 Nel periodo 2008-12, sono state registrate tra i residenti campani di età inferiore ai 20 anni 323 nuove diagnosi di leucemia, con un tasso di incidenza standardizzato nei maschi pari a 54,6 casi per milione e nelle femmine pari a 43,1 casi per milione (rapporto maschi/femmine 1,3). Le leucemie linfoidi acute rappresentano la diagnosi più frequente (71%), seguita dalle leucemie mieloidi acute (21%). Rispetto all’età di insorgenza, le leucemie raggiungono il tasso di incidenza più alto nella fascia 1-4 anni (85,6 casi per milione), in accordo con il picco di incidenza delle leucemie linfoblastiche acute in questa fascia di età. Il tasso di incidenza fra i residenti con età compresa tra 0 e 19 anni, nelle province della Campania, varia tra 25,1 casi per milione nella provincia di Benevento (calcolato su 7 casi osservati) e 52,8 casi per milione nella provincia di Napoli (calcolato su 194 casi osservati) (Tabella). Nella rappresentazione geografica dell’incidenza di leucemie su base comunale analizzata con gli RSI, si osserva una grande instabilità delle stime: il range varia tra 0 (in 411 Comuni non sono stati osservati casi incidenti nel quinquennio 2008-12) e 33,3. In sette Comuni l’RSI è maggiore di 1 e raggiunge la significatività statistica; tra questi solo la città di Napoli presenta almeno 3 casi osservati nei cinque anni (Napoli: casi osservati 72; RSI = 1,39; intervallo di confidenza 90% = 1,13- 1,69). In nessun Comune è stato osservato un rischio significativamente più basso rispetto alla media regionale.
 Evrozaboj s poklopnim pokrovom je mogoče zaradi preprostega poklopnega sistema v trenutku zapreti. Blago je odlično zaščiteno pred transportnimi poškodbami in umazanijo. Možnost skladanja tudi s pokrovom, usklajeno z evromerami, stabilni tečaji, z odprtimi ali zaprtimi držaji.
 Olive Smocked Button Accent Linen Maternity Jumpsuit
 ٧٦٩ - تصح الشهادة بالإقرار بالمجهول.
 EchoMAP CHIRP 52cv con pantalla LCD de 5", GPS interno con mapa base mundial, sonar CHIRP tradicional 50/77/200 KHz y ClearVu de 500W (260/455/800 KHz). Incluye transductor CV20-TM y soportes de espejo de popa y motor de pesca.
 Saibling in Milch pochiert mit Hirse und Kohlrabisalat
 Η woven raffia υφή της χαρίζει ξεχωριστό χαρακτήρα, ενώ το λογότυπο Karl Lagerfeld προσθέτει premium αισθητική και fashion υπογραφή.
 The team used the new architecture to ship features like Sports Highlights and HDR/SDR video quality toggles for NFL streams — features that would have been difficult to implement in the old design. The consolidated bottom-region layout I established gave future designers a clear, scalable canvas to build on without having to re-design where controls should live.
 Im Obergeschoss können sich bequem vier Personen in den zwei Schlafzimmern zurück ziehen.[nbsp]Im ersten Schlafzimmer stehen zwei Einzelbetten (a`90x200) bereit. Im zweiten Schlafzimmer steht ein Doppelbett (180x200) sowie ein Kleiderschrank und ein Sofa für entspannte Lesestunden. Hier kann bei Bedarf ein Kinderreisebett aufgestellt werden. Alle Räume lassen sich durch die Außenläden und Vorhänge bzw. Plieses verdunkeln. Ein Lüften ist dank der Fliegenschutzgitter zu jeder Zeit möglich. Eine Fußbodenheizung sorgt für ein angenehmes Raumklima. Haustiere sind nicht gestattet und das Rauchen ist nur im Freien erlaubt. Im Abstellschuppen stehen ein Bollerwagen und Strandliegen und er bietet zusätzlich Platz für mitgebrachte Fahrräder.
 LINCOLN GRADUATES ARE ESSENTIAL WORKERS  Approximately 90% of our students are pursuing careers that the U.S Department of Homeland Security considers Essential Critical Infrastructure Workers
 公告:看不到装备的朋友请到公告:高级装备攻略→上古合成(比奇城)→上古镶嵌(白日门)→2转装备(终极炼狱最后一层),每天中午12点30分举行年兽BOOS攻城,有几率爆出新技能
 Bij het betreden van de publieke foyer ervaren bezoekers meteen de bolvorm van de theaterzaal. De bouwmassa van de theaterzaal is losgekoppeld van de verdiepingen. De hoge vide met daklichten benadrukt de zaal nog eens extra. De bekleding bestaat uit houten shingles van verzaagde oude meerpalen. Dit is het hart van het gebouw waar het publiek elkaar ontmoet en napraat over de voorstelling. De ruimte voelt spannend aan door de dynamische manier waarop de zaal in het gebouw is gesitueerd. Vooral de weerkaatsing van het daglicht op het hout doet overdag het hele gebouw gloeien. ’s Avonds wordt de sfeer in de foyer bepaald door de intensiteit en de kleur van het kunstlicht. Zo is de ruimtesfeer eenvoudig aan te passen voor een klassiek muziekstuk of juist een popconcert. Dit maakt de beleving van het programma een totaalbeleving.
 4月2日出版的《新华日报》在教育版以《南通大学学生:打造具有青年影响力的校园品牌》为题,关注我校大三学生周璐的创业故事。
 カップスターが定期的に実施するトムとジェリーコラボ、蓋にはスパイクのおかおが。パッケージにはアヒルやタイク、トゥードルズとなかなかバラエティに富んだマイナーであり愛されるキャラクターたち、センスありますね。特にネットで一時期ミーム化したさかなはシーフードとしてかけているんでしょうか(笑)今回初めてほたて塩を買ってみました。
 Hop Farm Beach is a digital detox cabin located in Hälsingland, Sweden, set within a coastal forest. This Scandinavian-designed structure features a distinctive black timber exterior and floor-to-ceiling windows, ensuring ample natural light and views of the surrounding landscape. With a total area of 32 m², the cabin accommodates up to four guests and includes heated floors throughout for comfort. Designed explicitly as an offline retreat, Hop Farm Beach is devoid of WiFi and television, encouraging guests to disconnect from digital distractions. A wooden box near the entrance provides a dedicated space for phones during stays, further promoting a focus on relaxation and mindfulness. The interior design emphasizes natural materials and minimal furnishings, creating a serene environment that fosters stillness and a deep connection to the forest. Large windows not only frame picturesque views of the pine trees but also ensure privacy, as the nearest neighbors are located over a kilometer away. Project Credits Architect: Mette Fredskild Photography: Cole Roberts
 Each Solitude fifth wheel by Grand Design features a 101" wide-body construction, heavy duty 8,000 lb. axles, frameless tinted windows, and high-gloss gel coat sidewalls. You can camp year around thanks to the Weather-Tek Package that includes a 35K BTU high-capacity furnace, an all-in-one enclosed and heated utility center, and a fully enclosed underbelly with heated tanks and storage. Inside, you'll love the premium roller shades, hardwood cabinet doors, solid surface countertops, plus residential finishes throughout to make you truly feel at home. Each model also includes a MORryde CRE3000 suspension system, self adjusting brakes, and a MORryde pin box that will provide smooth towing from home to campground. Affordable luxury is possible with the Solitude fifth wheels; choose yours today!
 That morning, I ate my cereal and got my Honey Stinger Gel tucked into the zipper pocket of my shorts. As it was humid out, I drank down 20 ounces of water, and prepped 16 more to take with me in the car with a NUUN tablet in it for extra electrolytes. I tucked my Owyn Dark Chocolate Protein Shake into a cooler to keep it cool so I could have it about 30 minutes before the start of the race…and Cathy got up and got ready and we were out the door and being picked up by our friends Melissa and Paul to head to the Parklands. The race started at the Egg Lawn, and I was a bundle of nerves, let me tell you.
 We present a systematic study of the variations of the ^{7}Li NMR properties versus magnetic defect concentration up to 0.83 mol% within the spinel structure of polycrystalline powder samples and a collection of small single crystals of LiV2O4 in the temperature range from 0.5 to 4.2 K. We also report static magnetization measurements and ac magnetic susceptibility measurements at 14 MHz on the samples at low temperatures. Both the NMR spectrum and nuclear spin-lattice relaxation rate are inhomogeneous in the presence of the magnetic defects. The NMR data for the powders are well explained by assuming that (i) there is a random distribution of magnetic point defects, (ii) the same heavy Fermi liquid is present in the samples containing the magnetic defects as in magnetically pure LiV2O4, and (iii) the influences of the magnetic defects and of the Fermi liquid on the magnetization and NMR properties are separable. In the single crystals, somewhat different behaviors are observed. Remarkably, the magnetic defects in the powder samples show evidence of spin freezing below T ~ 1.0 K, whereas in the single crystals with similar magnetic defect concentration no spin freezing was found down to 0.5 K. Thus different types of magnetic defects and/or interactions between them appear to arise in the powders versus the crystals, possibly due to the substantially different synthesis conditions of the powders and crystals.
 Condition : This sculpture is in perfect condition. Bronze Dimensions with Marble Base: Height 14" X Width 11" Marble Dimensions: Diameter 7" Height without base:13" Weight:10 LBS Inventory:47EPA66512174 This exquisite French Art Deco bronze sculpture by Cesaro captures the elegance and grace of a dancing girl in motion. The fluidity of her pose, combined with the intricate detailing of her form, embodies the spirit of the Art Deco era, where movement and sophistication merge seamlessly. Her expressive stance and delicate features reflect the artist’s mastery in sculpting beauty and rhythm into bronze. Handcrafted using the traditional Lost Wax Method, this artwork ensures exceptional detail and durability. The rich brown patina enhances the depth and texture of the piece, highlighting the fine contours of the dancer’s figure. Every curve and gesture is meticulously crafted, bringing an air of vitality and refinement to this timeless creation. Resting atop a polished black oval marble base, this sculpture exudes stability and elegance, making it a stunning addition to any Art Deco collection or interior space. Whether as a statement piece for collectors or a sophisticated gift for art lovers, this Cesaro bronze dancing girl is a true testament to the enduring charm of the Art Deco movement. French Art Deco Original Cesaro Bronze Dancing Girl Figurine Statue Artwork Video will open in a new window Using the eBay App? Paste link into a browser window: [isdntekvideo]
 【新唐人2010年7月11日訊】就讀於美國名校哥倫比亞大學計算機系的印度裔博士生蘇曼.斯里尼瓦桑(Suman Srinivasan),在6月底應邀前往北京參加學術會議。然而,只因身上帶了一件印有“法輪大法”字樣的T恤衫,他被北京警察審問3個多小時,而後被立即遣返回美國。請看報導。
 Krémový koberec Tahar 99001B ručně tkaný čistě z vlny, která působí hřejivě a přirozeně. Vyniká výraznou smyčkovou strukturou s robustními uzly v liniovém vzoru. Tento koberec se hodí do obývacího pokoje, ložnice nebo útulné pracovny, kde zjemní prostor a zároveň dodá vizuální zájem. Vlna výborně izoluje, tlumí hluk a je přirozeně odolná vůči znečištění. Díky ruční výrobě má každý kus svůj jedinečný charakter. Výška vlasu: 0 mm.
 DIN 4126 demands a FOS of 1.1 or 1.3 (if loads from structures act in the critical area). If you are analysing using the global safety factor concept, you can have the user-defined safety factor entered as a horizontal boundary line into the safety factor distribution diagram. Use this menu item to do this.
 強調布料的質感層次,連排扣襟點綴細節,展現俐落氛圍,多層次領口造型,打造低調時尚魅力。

__The task__:
Send back exactly the lines of the listing above starting at the one with "The team used" and ending at the one with "4月2日出版的《新华日报》在", inclusive, and no others.

__Solution to this problem__:
 The team used the new architecture to ship features like Sports Highlights and HDR/SDR video quality toggles for NFL streams — features that would have been difficult to implement in the old design. The consolidated bottom-region layout I established gave future designers a clear, scalable canvas to build on without having to re-design where controls should live.
 Im Obergeschoss können sich bequem vier Personen in den zwei Schlafzimmern zurück ziehen.[nbsp]Im ersten Schlafzimmer stehen zwei Einzelbetten (a`90x200) bereit. Im zweiten Schlafzimmer steht ein Doppelbett (180x200) sowie ein Kleiderschrank und ein Sofa für entspannte Lesestunden. Hier kann bei Bedarf ein Kinderreisebett aufgestellt werden. Alle Räume lassen sich durch die Außenläden und Vorhänge bzw. Plieses verdunkeln. Ein Lüften ist dank der Fliegenschutzgitter zu jeder Zeit möglich. Eine Fußbodenheizung sorgt für ein angenehmes Raumklima. Haustiere sind nicht gestattet und das Rauchen ist nur im Freien erlaubt. Im Abstellschuppen stehen ein Bollerwagen und Strandliegen und er bietet zusätzlich Platz für mitgebrachte Fahrräder.
 LINCOLN GRADUATES ARE ESSENTIAL WORKERS  Approximately 90% of our students are pursuing careers that the U.S Department of Homeland Security considers Essential Critical Infrastructure Workers
 公告:看不到装备的朋友请到公告:高级装备攻略→上古合成(比奇城)→上古镶嵌(白日门)→2转装备(终极炼狱最后一层),每天中午12点30分举行年兽BOOS攻城,有几率爆出新技能
 Bij het betreden van de publieke foyer ervaren bezoekers meteen de bolvorm van de theaterzaal. De bouwmassa van de theaterzaal is losgekoppeld van de verdiepingen. De hoge vide met daklichten benadrukt de zaal nog eens extra. De bekleding bestaat uit houten shingles van verzaagde oude meerpalen. Dit is het hart van het gebouw waar het publiek elkaar ontmoet en napraat over de voorstelling. De ruimte voelt spannend aan door de dynamische manier waarop de zaal in het gebouw is gesitueerd. Vooral de weerkaatsing van het daglicht op het hout doet overdag het hele gebouw gloeien. ’s Avonds wordt de sfeer in de foyer bepaald door de intensiteit en de kleur van het kunstlicht. Zo is de ruimtesfeer eenvoudig aan te passen voor een klassiek muziekstuk of juist een popconcert. Dit maakt de beleving van het programma een totaalbeleving.
 4月2日出版的《新华日报》在教育版以《南通大学学生:打造具有青年影响力的校园品牌》为题,关注我校大三学生周璐的创业故事。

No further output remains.